Billboard ban in São Paulo angers advertisers. from jwz

The law is “a rare victory of the public interest over private, of order over disorder, aesthetics over ugliness, of cleanliness over trash,” Roberto Pompeu de Toledo, a columnist and author of a history of São Paulo, wrote in the weekly newsmagazine Veja. “For once in life, all that is accustomed to coming out on top in Brazil has lost.”

But advertising and business groups regard the legislation as injurious to society and an affront to their professions. They say that free expression will be inhibited, jobs will be lost and consumers will have less information on which to base purchasing decisions.

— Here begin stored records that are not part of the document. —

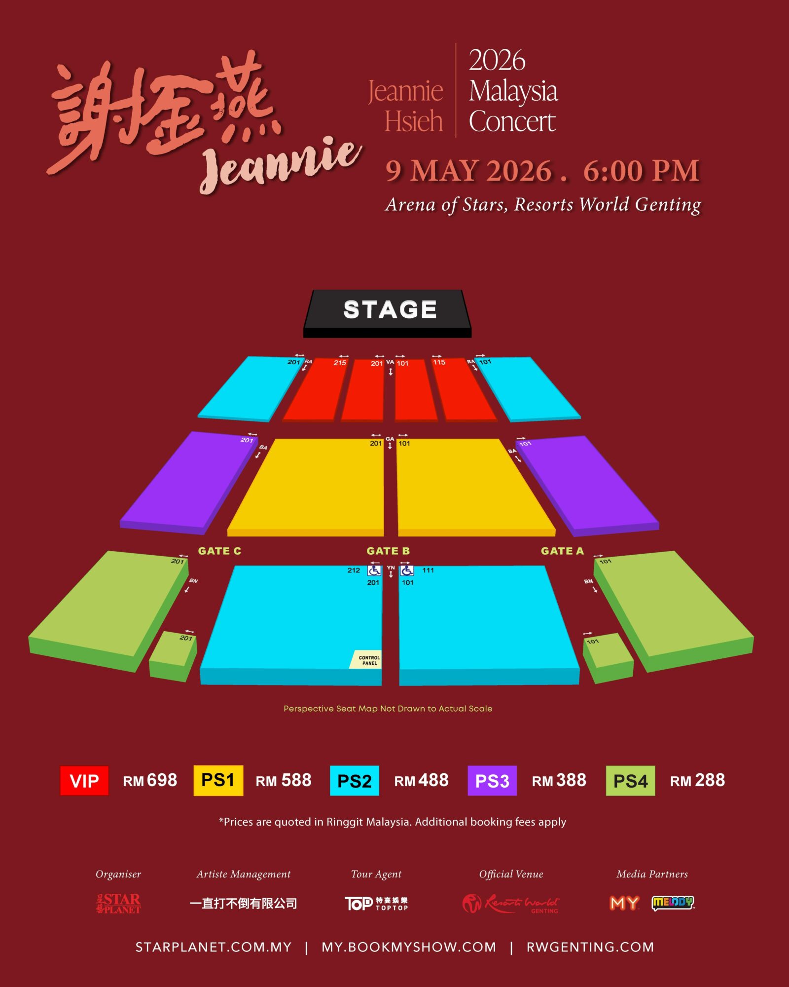 🎫票价:VIP RM698|PS1 RM588|PS2 RM488|PS3 RM388|PS4 RM288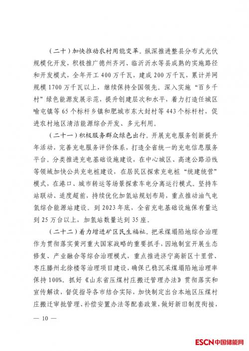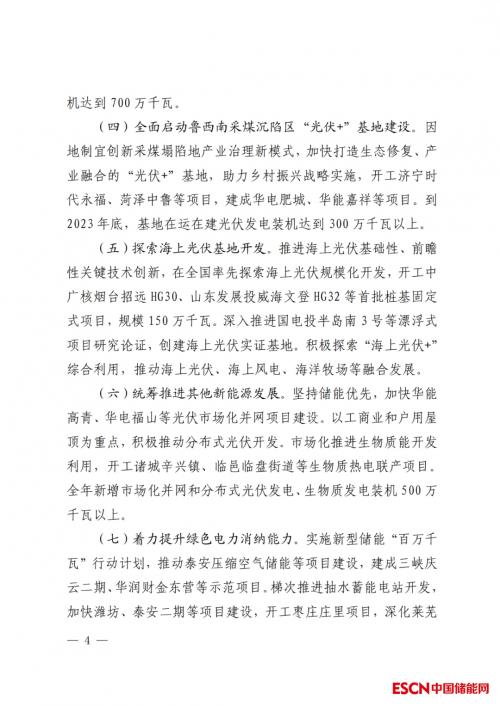 全面启动鲁西南采煤沉陷区“光伏+”基地建设:因地制宜创新采煤塌陷地产业治理新模式,加快打造生态修复、产业融合的“光伏+”基地,助力乡村振兴战略实施,开工济宁时代永福、菏泽中鲁等项目,建成华电肥城、华能嘉祥等项目。到2023年底,基地在运在建光伏发电装机达到300万千瓦以上。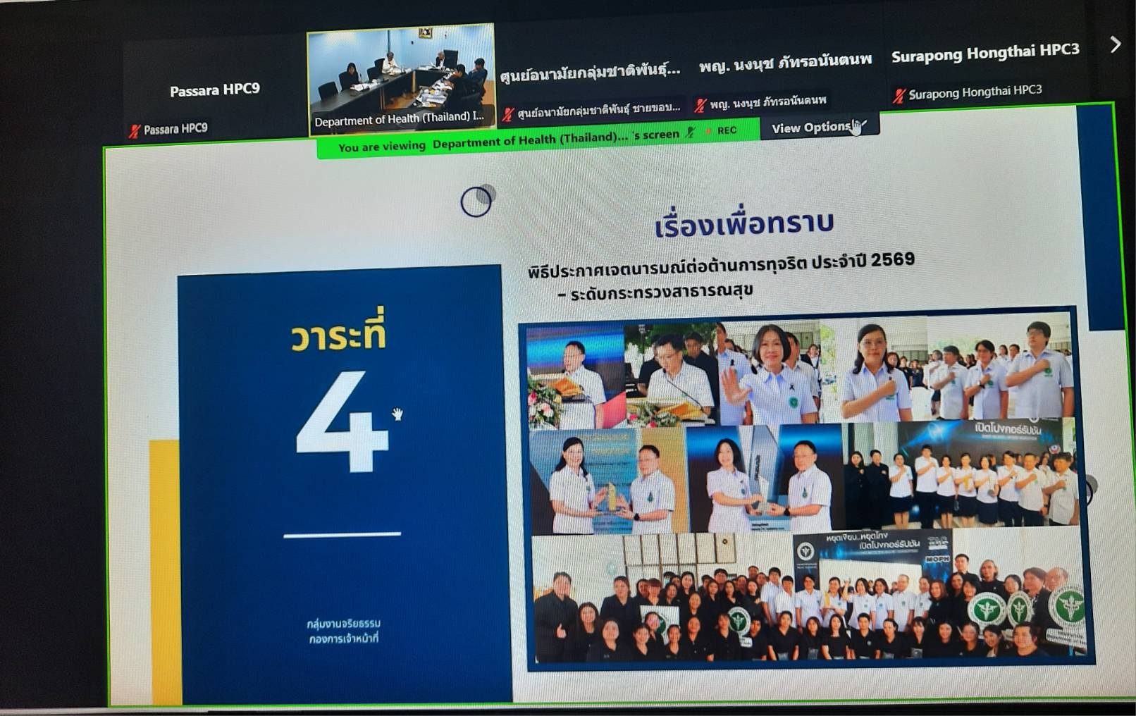 วันที่ 20 กุมภาพันธ์ 2569 นายแพทย์พีระยุทธ สานุกูล ผู้อำนวยการศูนย์อนามัยที่9 นครราชสีมา มอบหมาย ชมรมจริยธรรมศูนย์อนามัยที่9 เข้าร่วมประชุมคณะกรรมการจริยธรรมประจำกรมอนามัย ครั้งที่ 2/2569 ผ่านสื่ออิเล็กทรอนิกส์ เนื้อหาการประชุมประกอบด้วย แนวทางการดำเนินงานเรื่องร้องเรียนเกี่ยวกับการฝ่าฝืนประมวลจริยธรรมข้าราชการพลเรือน การไม่ปฏิบัติตามข้อกำหนดจริยธรรมเจ้าหน้าที่ของรัฐ กรมอนามัย พ.ศ.2568และการทุจริตและประพฤติมิชอบของเจ้าหน้าที่ กรมอนามัย(ฉบับปรับปรุงครั้งที่3) แผนปฏิบัติการส่งเสริมคุณธรรม จริยธรรมและป้องกันการทุจริตกรมอนามัย ประจำปีงบประมาณ 2569 รายงานเรื่องเรียนเกี่ยวกับคุณธรรม จริยธรรมและการทุจริต ประจำปี 2569 (ตุลาคม 2568-มกราคม 2569) รายงานผลการดำเนินงานตามแผนปฏิบัติการส่งเสริมคุณธรรม จริยธรรมและป้องกันการทุจริตกรมอนามัย ประจำปี 2569 กิจกรรมประกาศเจตนารมณ์ต่อต้านการทุจริต ปี 2569 และกิจกรรมการคัดเลือกคนดีศรีอนามัยและรางวัลเกียรติยศ กรมอนามัย ซึ่งจะจัดพิธีมอบในวันสถาปนากรมอนามัย 12มีนาคม 2569 การประชุมครั้งนี้เป็นการประชุมร่วมกับหน่วยงานกองการเจ้าหน้าที่ กรมอนามัยและหน่วยงานสังกัดกรมอนามัยในส่วนภูมิภาค จำนวน 54 คน จาก 30กว่าหน่วยงานซึ่งมีเป้าหมายขับเคลื่อนยกระดับองค์กรคุณธรรมและมีธรรมาภิบาลต่อไป

They also argue that streets will be less safe at night with the loss of lighting from outdoor advertising.

“This is a radical law that damages the rules of a market economy and respect for the rule of law,” said Marcel Solimeo, chief economist of the Commercial Association of São Paulo, which has 32,000 members. “We live in a consumer society and the essence of capitalism is the availability of information about products.”

“What we are aiming for is a complete change of culture,” said Roberto Tripoli, president of the City Council and one of the main sponsors of the legislation. “Yes, some people are going to have to pay a price. But things were out of hand and the population has made it clear it wants this.”

We were going to have this here, when COPE was in charge. “Billboard free in five years.” It never happened.